Both of these challenges are the main drivers behind the fact that 87 percent of data science projects do not make it into production. The time distribution of a typical data science project is roughly as follows; 45 percent cleaning and prepping the data, 21 percent exploring and visualizing data, 11 percent selecting the model and 12 percent tuning the model. Only the remaining 11 percent is devoted to productionizing and deployment of the model.
In short, data scientists spend far too much time on basic data management chores, much like data analysts did before adopting the modern data stack. I suspect that data scientists, myself included, often have a strong bias toward spending the remaining time building elaborate and highly-tuned models instead of focusing on basic infrastructure and a model’s potential to be brought into production. To paraphrase Donald Knuth, “premature optimization is the root of all evil.”
Getting your machine learning into production
Let’s move from problem mode to solution mode (it is part of my job title after all!). The first step towards getting a higher return on investment from your data science projects is to assess if you actually have the tools or processes to actually support data science or even a genuine business use case. The high failure rate of data science suggests that organizations have rushed into data science projects so that they can reference them in their annual plans or press releases without a real business pain that requires a data science use case.

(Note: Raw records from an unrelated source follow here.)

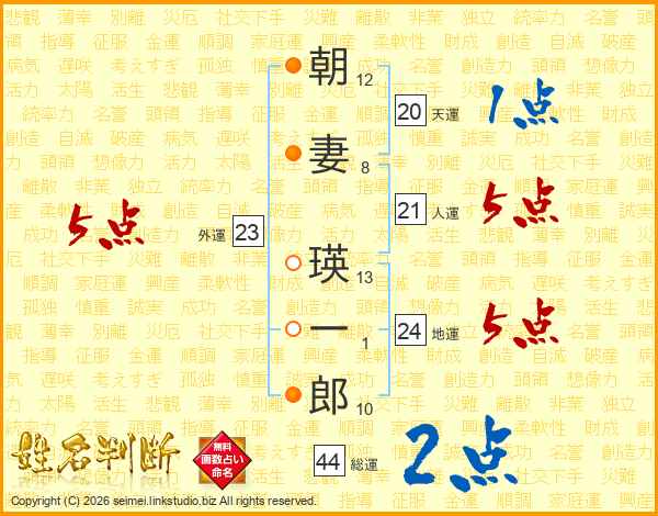 朝妻瑛一郎さんの総運は44画の2点!
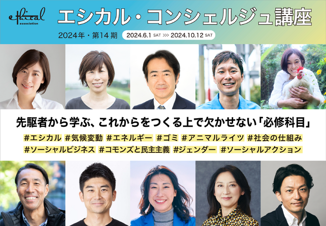 一般社団法人エシカル協会(東京都渋谷区、代表理事:末吉里花、以下「エシカル協会」)は、エシカルの本質について学び、考える教育プログラム「エシカル・コンシェルジュ講座 第14期」を2024年6月1日(土)より開講します。本講座は、気候変動、再生可能エネルギー、動物福祉、ジェンダー、SDGsなど様々な分野において、活動実績と専門性を備えた講師から、最新かつ具体的な考え方や視点を学ぶことができる全10回の連続講座です。
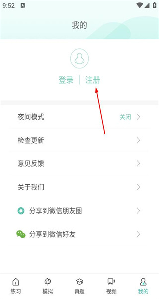 进入我的页面,找到注册选项,点击该选项,进入用户注册对应的操作页面。
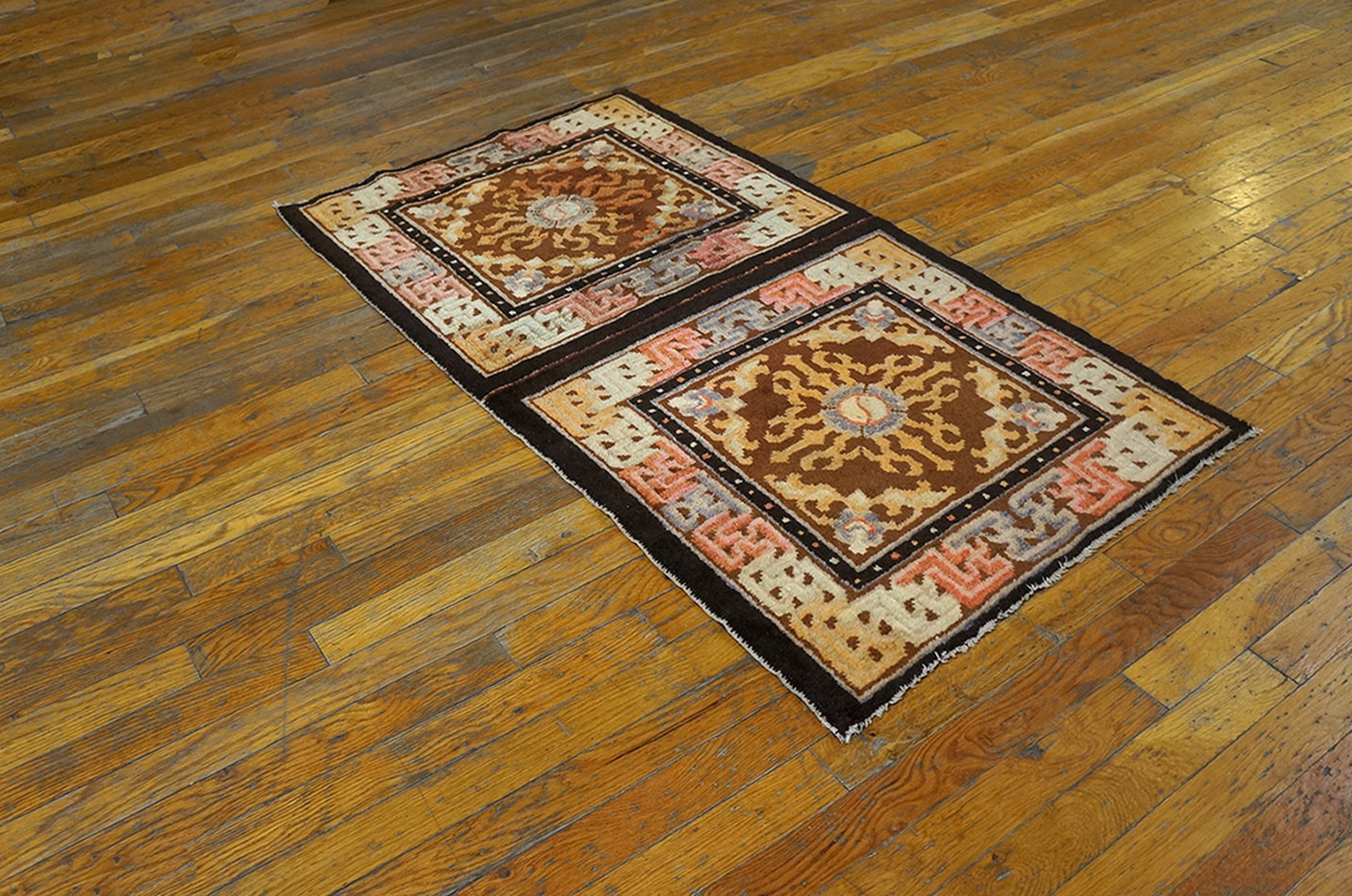 Antique Chinese – Baotou Chinese Brown 1920s Rug, Circa Date: 1920s. This exceptional piece originates from the Baotou region of Inner Mongolia, renowned for producing highly distinctive, small-scale antique rugs during the early 20th century. Its construction and palette reflect the unique artistic confluence of traditional Chinese motifs and the robust, utilitarian wools of the region.
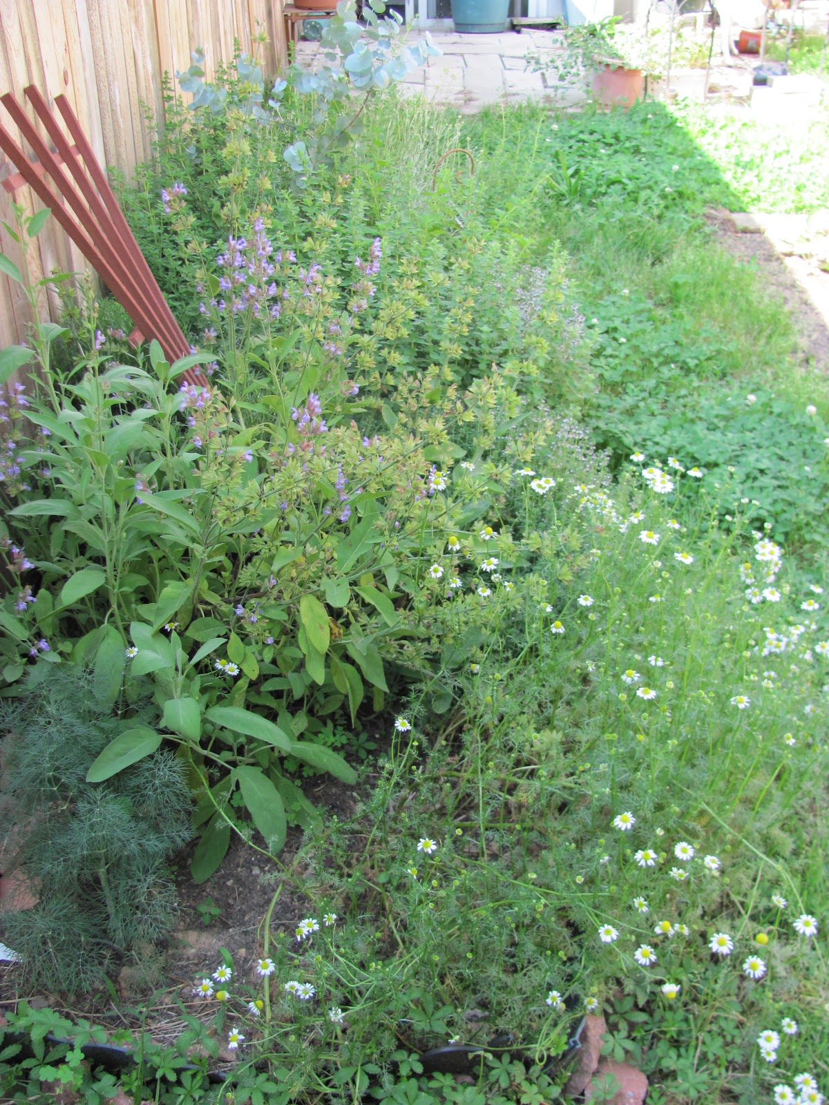 The overflowing herb garden ... survived last winter, and has been severely pruned twice!

If you do need to leverage the considerable potential of data science technologies, tackling the challenges outlined above involves taking a step back and solving the DataOps infrastructure problem, ensuring that models are comprehensible and compliant with regulations and making data governance a priority. The good news is that the solution to many of these challenges leverages the same modern data stack you use for business intelligence.
To begin with, you can pursue relatively simple and practical machine learning projects using structured data you already store in a data warehouse. You very likely already collect structured sales, marketing and product behavior, for instance. Some data warehouses even support machine learning models written in SQL.
For more advanced machine learning use cases that depend on unstructured documents and media files, one possible workflow is to use a governed data lake as a staging area for unstructured or semi-structured data before storing transformed feature vectors in a data warehouse. Keeping all of the data associated with a model, including output data, in your data warehouse will help your analysts see inside the “black box” of a model, making it more accessible. A transparent model is also more likely to pass internal audits and risk assessments; ultimately resulting in it being more likely to become part of a production workflow.
The modern data stack that you apply to business intelligence can be applied to data science and machine learning as well. New analytics data storage technologies increasingly support both relational and unstructured data. Fivetran now writes data to S3 in a relational structure using the Apache Iceberg table format, while AWS Lake Formation (via AWS Glue) applies data governance and granular access control. As your data practice matures, such technologies that make data lakes tractable will be key to helping your data science projects get into production.